There’s definitely something anachronistic about it stylistically — this show doesn’t normally use syncopated, rhythmic cutting — but it infuses a depressing state of affairs (from Samwell’s perspective, anyway) with whimsy. Game of Thrones has always liked to poke fun at Samwell’s plight, but his indomitable goodwill usually wins out. That’s what happens here, as well, when he eventually discovers the location of some dragonglass that could help Jon Snow with his weapons problem.
Tasha: Edgar Wright is a good point of comparison. Having watched Baby Driver, I half expected song lyrics to start popping up behind Samwell’s head as the chamberpots piled up. It’s a really morbid piece of humor to have the food and the post-food waste products looking so much alike, and to keep returning to Samwell’s gorge rising over and over, proving that pouring out liquid shit doesn’t get any easier over time. And how typical of Samwell that he doesn’t protest about any of it, apart from his eagerness to help Jon. (And that protest is delivered to Jim Broadbent, always a bonus in any on-screen entertainment.)
I think this scene feels odd not because of the unusual editing, but because it’s the rarest thing in Game of Thrones — an extended comedy sequence. It’s not just a mordant joke or a grim chuckle, but several minutes of hilarious awfulness. We’re just not used to finding anything in Game of Thrones funny for more than a second, and it’s a welcome shift.
Bonus scene: Mormont lives!
Bryan: I’m going to come clean: I am on Team Jorah, and I have been on Team Jorah from the very beginning. Despite some compromises he made along the way, Jorah Mormont has otherwise been one of the show’s few moral constants. So I was more than a little upset when he caught a bad case of greyscale. I was even more upset when Daenerys learned about his treachery, and sent him away. She told him to find a cure, giving the most optimistic audience members the hope that maybe he’d come out of this unscathed. But I’d watched the previous six seasons of the show, so I assumed he was all but done for.
So imagine my glee toward the end of the episode, as Samwell gathers bowls from a series of imprisoned men, only to have one greyscaled hand claw a bowl away, sending it clattering to the floor. There isn’t much to let us know it’s Jorah — just Iain Glen’s sharp silhouette, and his unmistakable voice, asking if the Dragon Queen has arrived.
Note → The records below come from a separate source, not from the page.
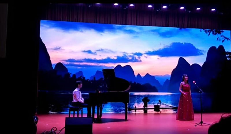 经过一学期的勤学苦练,音乐系的同学们精心准备了15首曲目进行汇报演出。音乐会上,《哥哥不来花不开》《乡谣》《龙船调》《思乡曲》《醉了千古爱》《纳西篝火啊哩哩》几首歌曲让听众领略到民族音乐的独特之美。《梅花引》表达出梅花的傲骨之情,曲调优美、扣人心弦。四首意大利歌曲为音乐会增添了异域风情,同时也体现出演唱者的精湛技艺。音乐剧选段《I dreamed a dream》带来一场古典与现代的音乐碰撞。《Sun and Moon》展现了喜闻乐见的歌剧表演形式。最后一曲《我和我的祖国》为此次音乐会画上了圆满句号。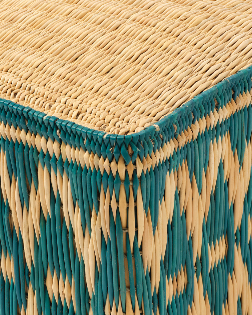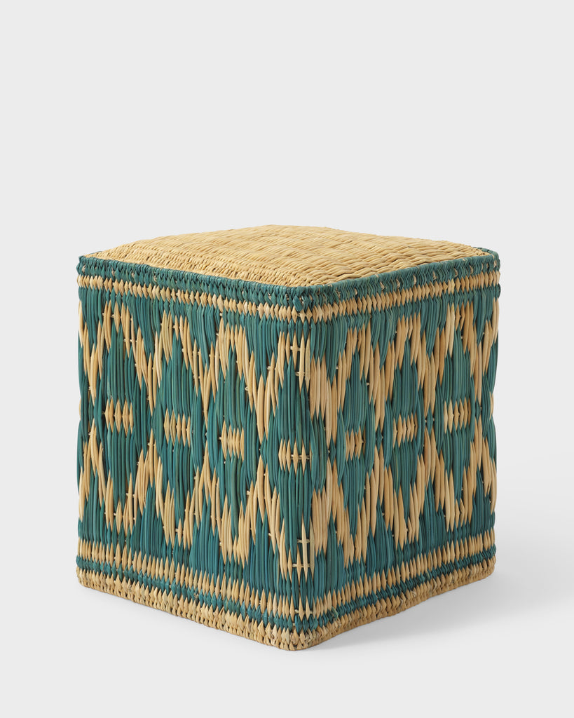 These wicker stools are hand-woven in Morocco and feature a bold black geometric pattern based on traditional textile designs. They are the perfect addition to a salon or bedroom. Lightweight yet sturdy, they typify Cabana's love of simple objects whose construction and pattern embody worlds of history and tradition. Sold as a set of two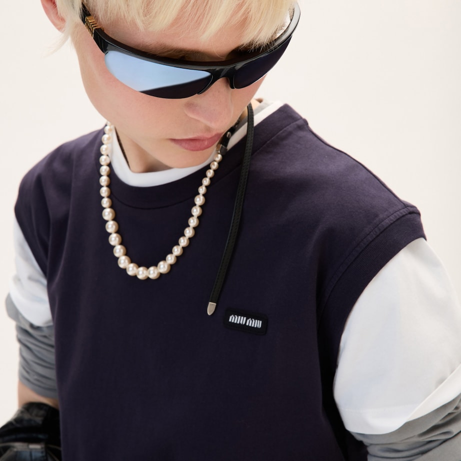 Die neueste Kollektion von Miu Miu besticht durch eine erfrischende Schlichtheit. Sie verzichtet auf den oft in Konfektionsmode anzutreffenden Intellektualismus und kreiert stattdessen bewusst alltagstaugliche Stücke. Diese Baumwoll-T-Shirts sind ein gutes Beispiel dafür: Sie lassen sich sowohl untereinander als auch mit Röcken und Hosen perfekt kombinieren.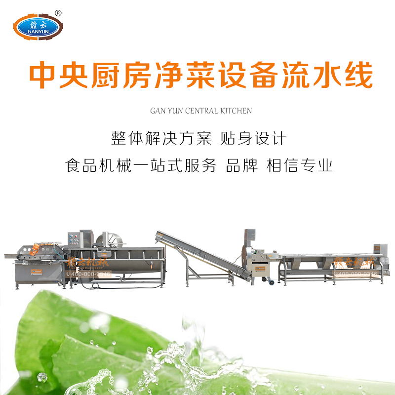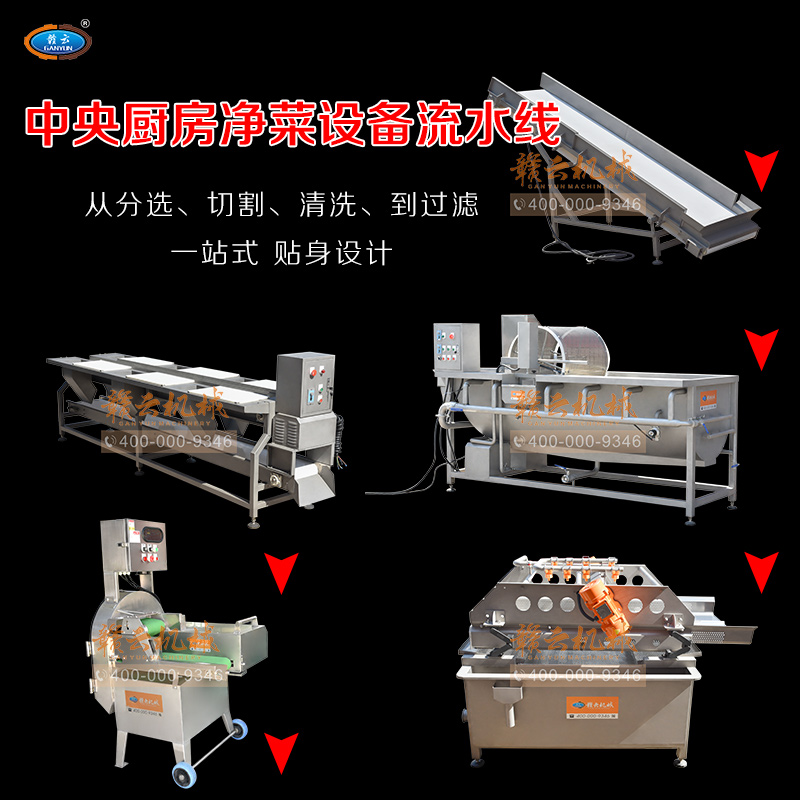 中央廚房凈菜設備流水線_食堂凈菜加工流水線_食堂切配成套設備_贛云掌握中央廚房凈菜設備核心技術,本套設備由分選輸送設備、數(shù)字多元化切配設備、提升設備、渦流臭氧清洗去農藥殘留設備、高頻振動機組合而成,可根據客戶需求定制中大型流水線。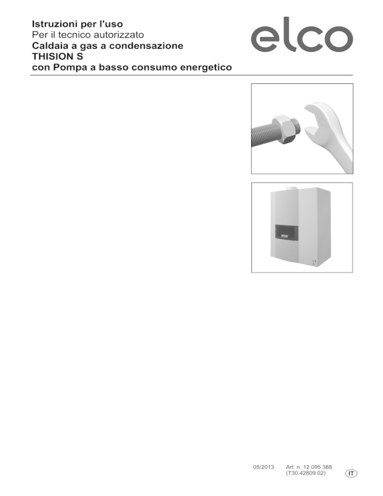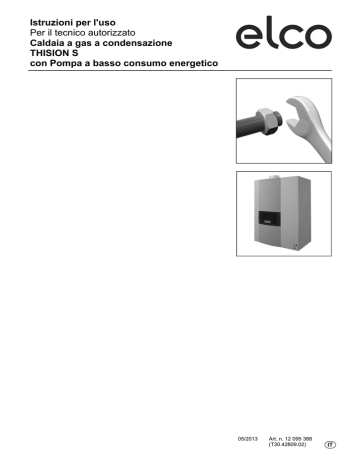 Istruzioni per l'uso Per il tecnico autorizzato Caldaia a gas a condensazione THISION S con Pompa a basso consumo energetico 05/2013 Art. n. 12 095 388 (T30.42809.02) Indice Indice Descrizione del prodotto Idraulica Montaggio Installazione Fondamenti Messa in servizio Manutenzione Manutenzione e servizio Anomalie/Cause/Rimedi …………………….............................................................................. 2 In generale......................................................................................... 3 Qualità dell'acqua di riscaldamento.................................................... 4 Descrizione del funzionamento.......................................................... 5 Dotazione THISION S........................................................................ 5 Dati tecnici.......................................................................................... 6 Dati tecnici – solo per la Svizzera....................................................... 8 Dimensioni.......................................................................................... 9 Disegno quotato THISION S............................................................... 9 Pannello comandi............................................................................... 10 Display................................................................................................ 10 Pompe di circolazione........................................................................ 11 Separatore idraulico........................................................................... 13 Scambiatore di calore a piastre.......................................................... 14 Collocazione, fissaggio, raccordi........................................................ 15 Raccordo gas combusti e aria fresca................................................. 16 Condotta aria fresca/gas combusti..................................................... 16 Varianti di esecuzione........................................................................ 16 Condotta aria fresca/gas combusti..................................................... 17 Dimensionamento............................................................................... 17 Impianto di evacuazione D 80 PPS, tiraggio naturale........................ 19 Impianto di evacuazione dei fumi D 80/125 PPS/alluminio bianco Tiraggio forzato.................................................................................. 20 Collegamenti elettrici.......................................................................... 24 Funzioni principali unità di comando.................................................. 25 Lavori preliminari................................................................................ 26 Quantità gas combusti e regolazione................................................. 27 Quantità gas combusti e regolazione potenza minima (non per Belgio).................................................................................. 28 Quantità gas combusti e regolazione potenza massima (non per Belgio).................................................................................. 29 THISION S 9.1/13.1 Conversione da gas naturale G20 a gas naturale G25 (non per Belgio)...................... 30 THISION S 17.1/25.1 Conversione gas naturale G25 o gas liquido (non per Belgio)................................ 31 THISION S 35.1/+ 50.1 Conversione gas naturale G25 o gas liquido (non per Belgio)................................ 32 THISION S 9.1/13.1 Conversione da gas naturale G20 a gas naturale G25 (non per Belgio)...................... 33 THISION S 17.1/25.1 Conversione da gas naturale G20 a gas naturale G25 (non per Belgio)...................... 34 THISION S 25.1 Conversione gas naturale G25 o gas liquido (non per Belgio)................................ 35 THISION S 35.1/+ 50.1 Conversione gas naturale G25 o gas liquido (non per Belgio)................................ 36 Controlli e verifiche............................................................................. 37 ............................................................................................................ 39 Resistenze delle sonde………………………….................................. 41 Visualizzazione guasti e soluzioni...................................................... 42 2 In generale Indicazioni generali La collocazione, l'installazione, l'allacciamento elettrico e la prima messa in servizio devono essere effettuate da uno specialista. Quest'ultimo è responsabile dell'esecuzione a regola d'arte. Indicazioni per l'utente finale La sicurezza e la funzionalità della THISION sono garantite se l'impianto è sottoposto a manutenzione periodica da parte di uno specialista del riscaldamento. A tale scopo si raccomanda di stipulare un contratto di manutenzione. Prima di installare la caldaia THISION va richiesta l'autorizzazione dell'azienda del gas e dello spazzacamino distrettuale. Condizioni di garanzia Le nostre prestazioni di garanzia decadono per danni in seguito a: uso o impiego improprio o non conforme montaggio o messa in servizio errati da parte dell'acquirente o di terzi integrazione di parti di produttori terzi utilizzo dell'impianto con pressioni eccessive o al di fuori dei valori indicati di fabbrica impiego di combustibili non adatti mancata osservanza delle indicazioni riportate nelle istruzioni per l'uso e sull'adesivo applicato sull'apparecchio. Disposizioni Per garantire un funzionamento sicuro, ecocompatibile e a basso consumo di energia, osservare le seguenti norme tedesche: DIN 1988 Norme tecniche per l'installazione e l'esercizio di impianti di acqua potabile DIN V 18160-1 Condotte per gas combusti, progettazione e realizzazione TRGI (DVGW G600) Regole tecniche per installazioni a gas ATV-DVWK-A251 Immissione dei condensati di impianti di combustione nelle canalizzazioni pubbliche Landesbauverordnungen TRF Regole tecniche per gas liquido D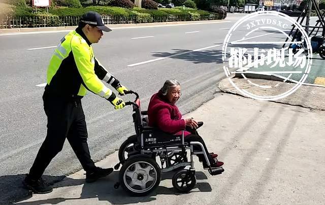 这一幕刚好被正在附近执勤的辅警看到,执勤辅警立即上前询问情况,并快速将轮椅车上的老人平安护送到马路对面。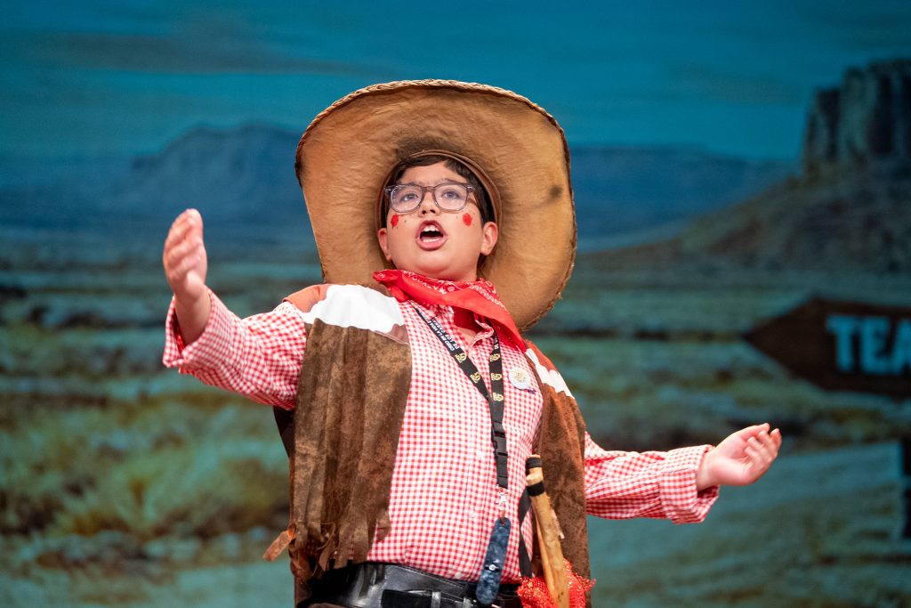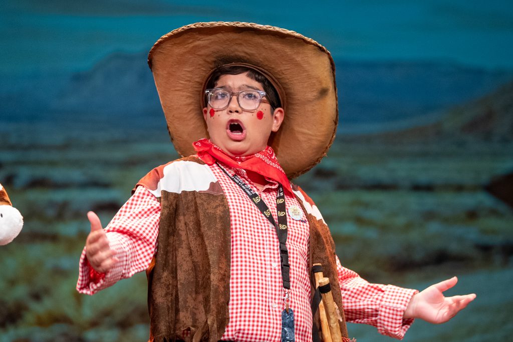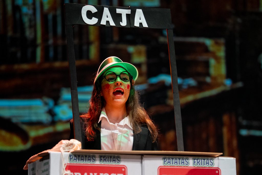 La estructura se apoyó fundamentalmente en el texto hablado, con intercambios rápidos y un ritmo sostenido que mantuvo la acción en movimiento. El atraco al banco funcionó como hilo conductor para introducir situaciones absurdas relacionadas con turnos, comisiones, trámites y esperas, trasladando al universo del Oeste dinámicas propias del día a día actual. Ese juego de anacronismos permitió conectar con el público desde la ironía, sin perder el tono propio de la categoría juvenil.

But that’s all I personally need for now. Ser Jorah Mormont may not survive, and he may never see Daenerys again… but he is alive.
Tasha: Hooray for him, I guess? I’m glad you enjoy your Jorah fandom, but to me, he’s the medieval embodiment of Nice Guy Syndrome. “Why don’t you love me? I eventually stopped betraying you! I’ve been loyal to you ever since I realized I want to bang you! Doesn’t that mean I deserve to be with you?” Favor-sharking isn’t limited to our era, and Jorah’s a premium-catch turncoat favor-shark who got caught and got what he deserved. Let him rot in that cell, sez I.
Update July 17th, 3:55PM ET: A previous version of this story stated that the episode “Hardhome” had been directed by Jeremy Podeswa; it was actually Miguel Sapochnik. We regret the error.